(TO DO) In the data below, locate the line containing "Administrative Executive, Technical" and the line containing "100 QUESTIONS AND VERIFIED", then retype both and everything between them exactly. Pictures are not part of the copy.

(RECORDED DATA)

►

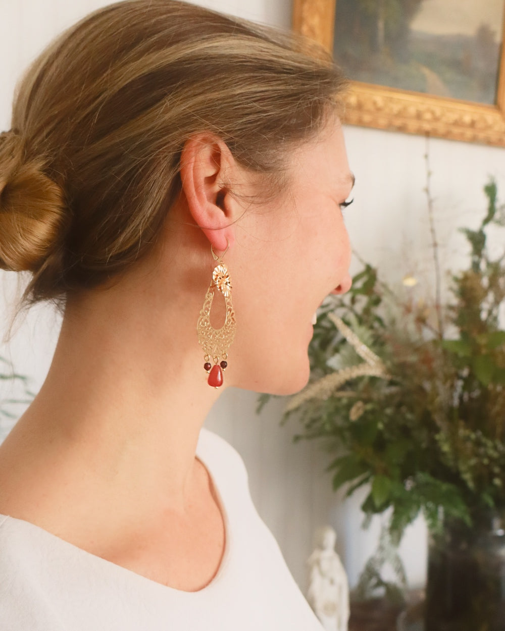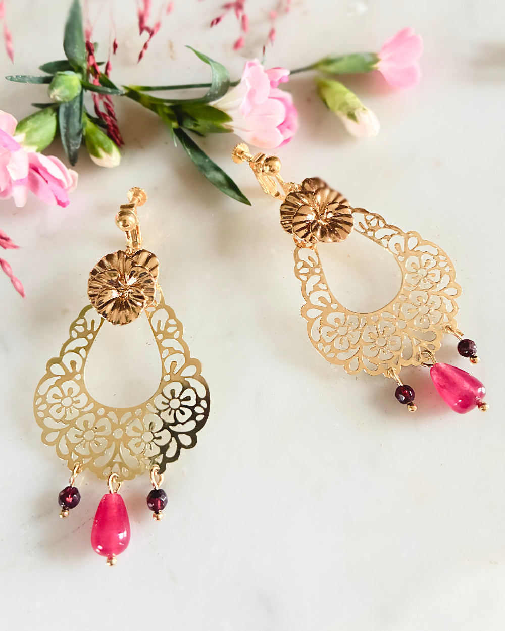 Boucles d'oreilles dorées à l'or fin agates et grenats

◄
►

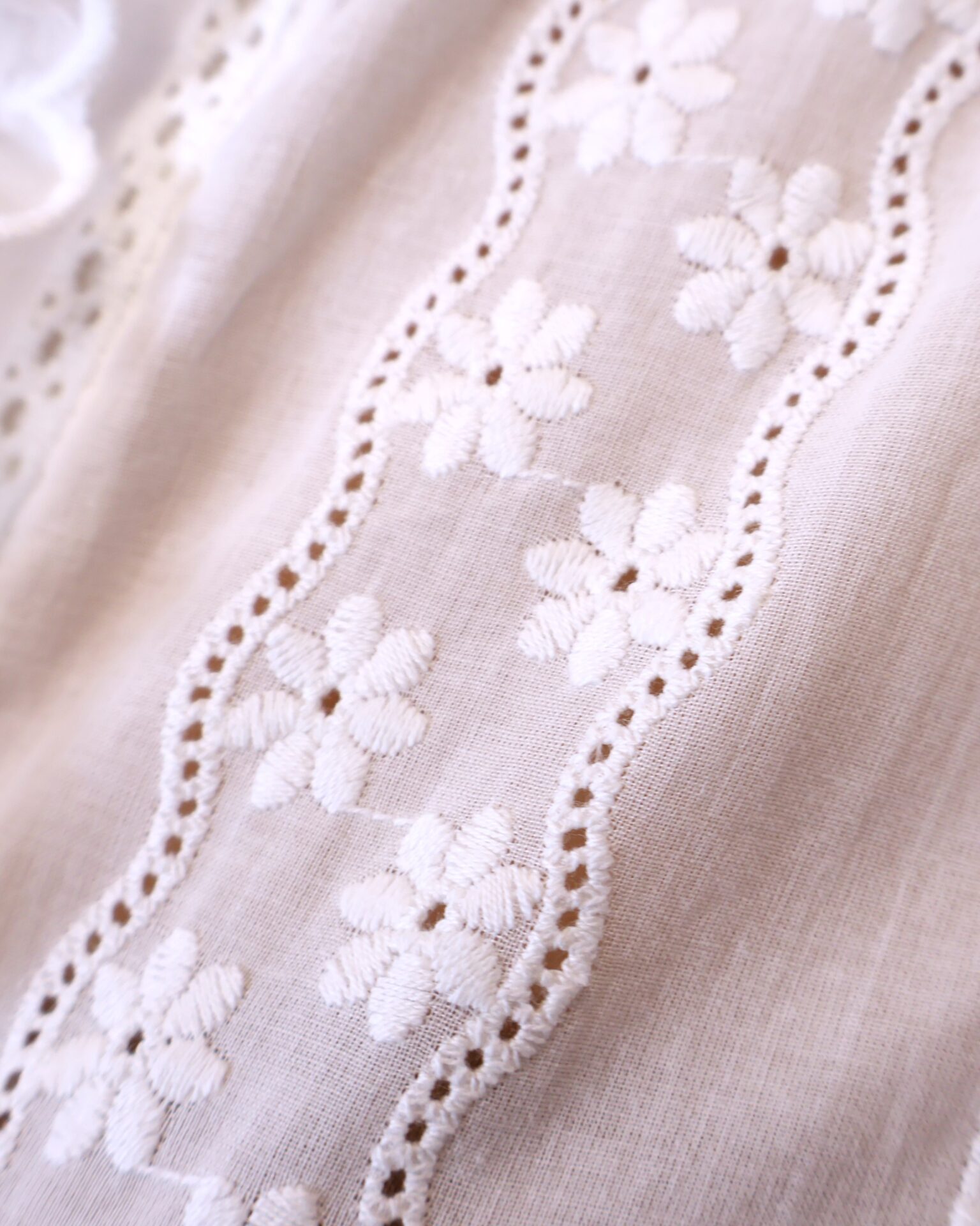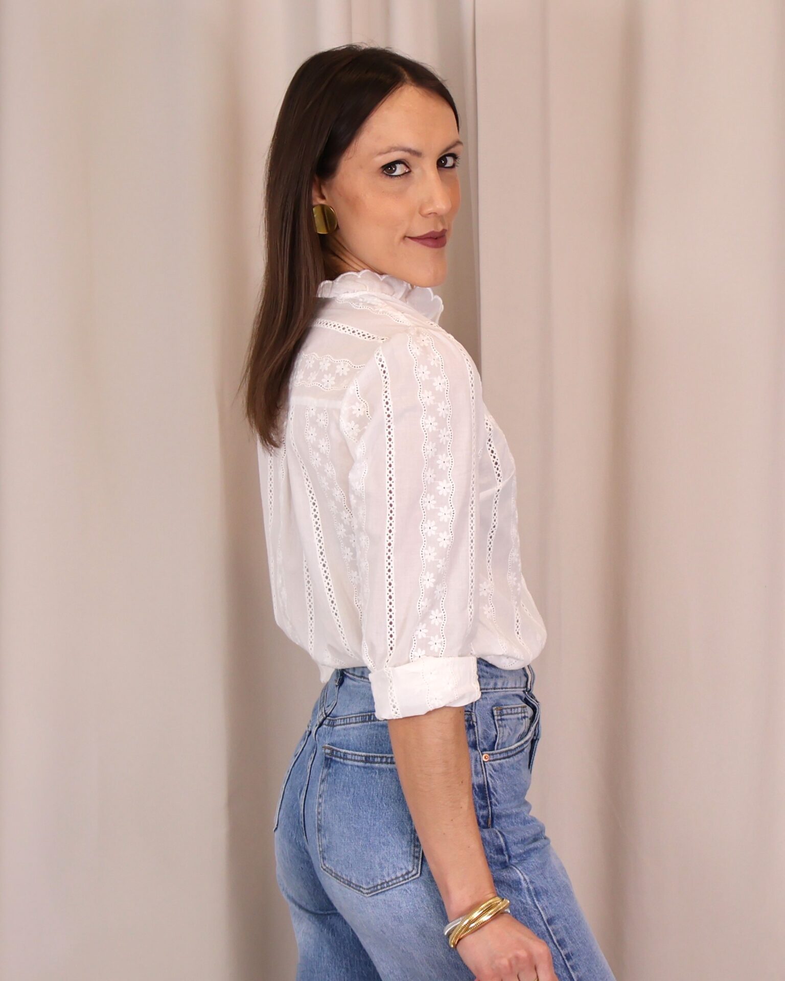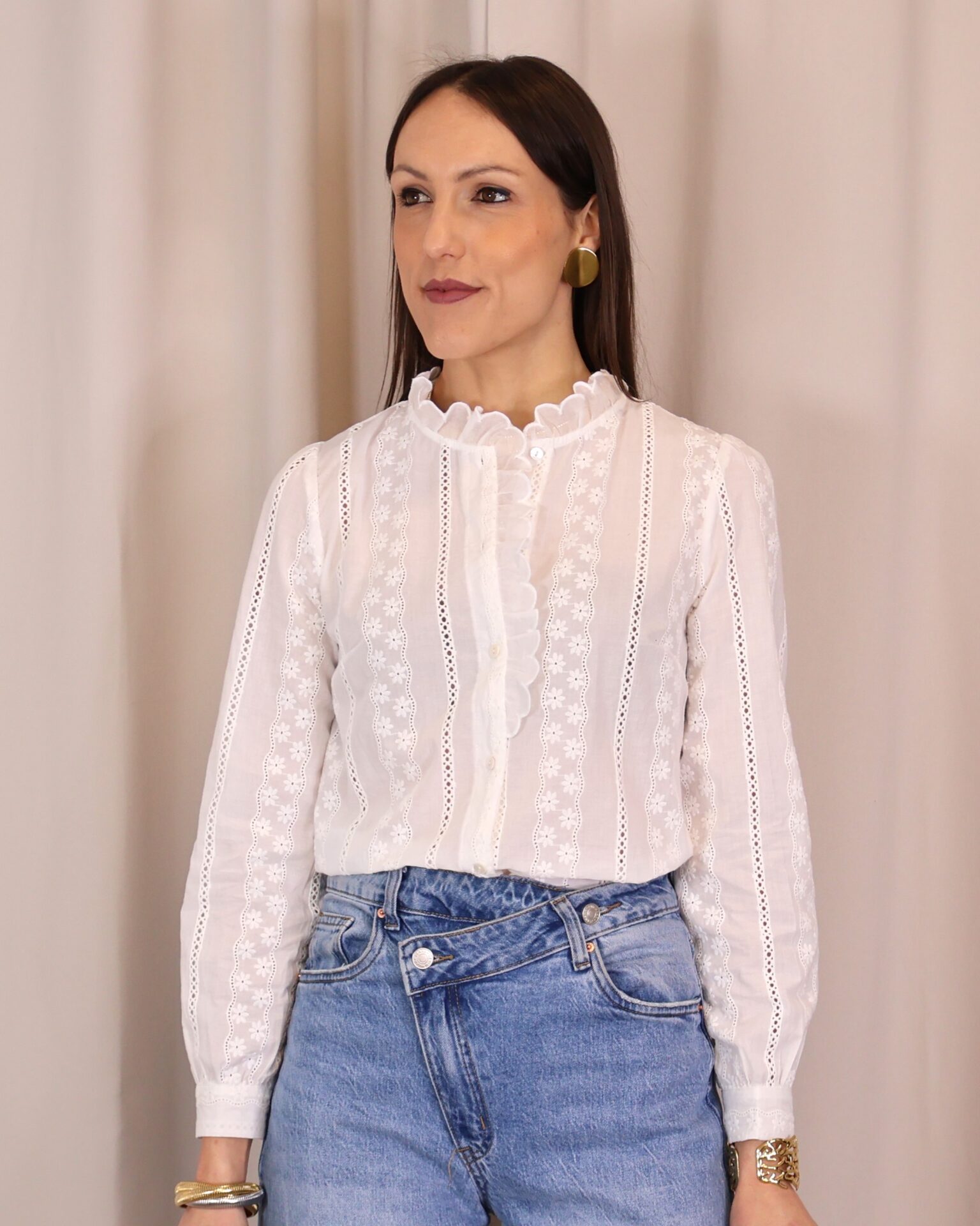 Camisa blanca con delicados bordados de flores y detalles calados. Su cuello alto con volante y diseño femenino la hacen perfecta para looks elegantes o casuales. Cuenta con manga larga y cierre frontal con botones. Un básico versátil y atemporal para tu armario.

◄
►

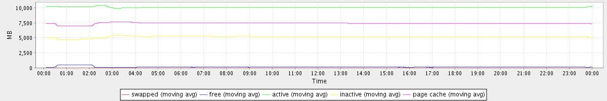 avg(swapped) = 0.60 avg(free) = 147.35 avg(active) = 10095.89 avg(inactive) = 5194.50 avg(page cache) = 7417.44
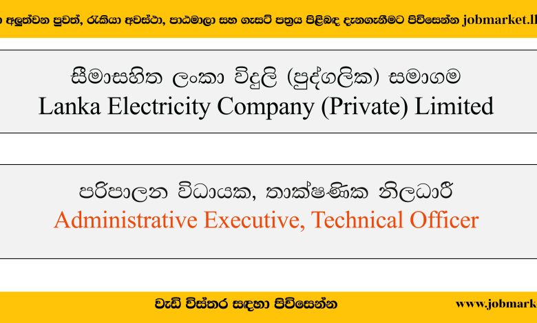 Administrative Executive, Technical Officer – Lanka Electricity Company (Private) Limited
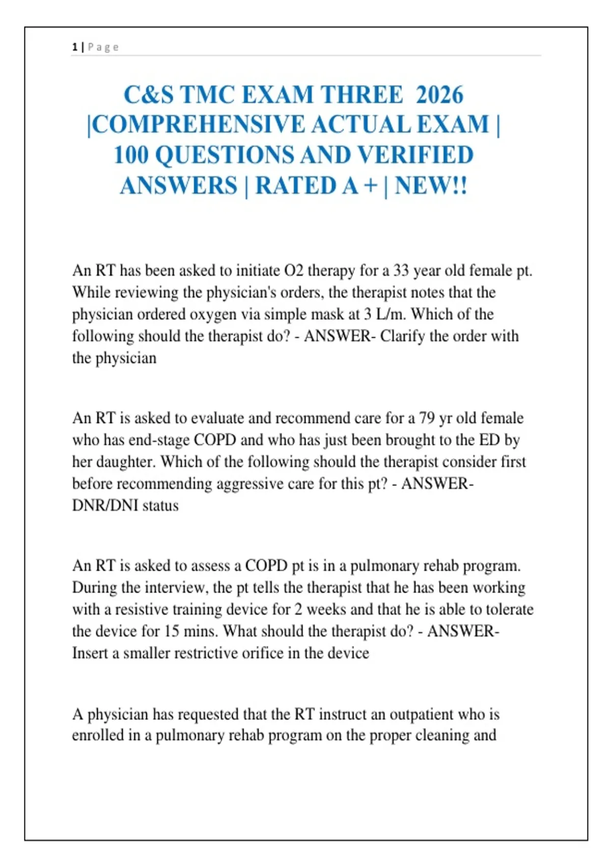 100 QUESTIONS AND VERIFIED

◄

(FINISHED TASK)
 Administrative Executive, Technical Officer – Lanka Electricity Company (Private) Limited
 100 QUESTIONS AND VERIFIED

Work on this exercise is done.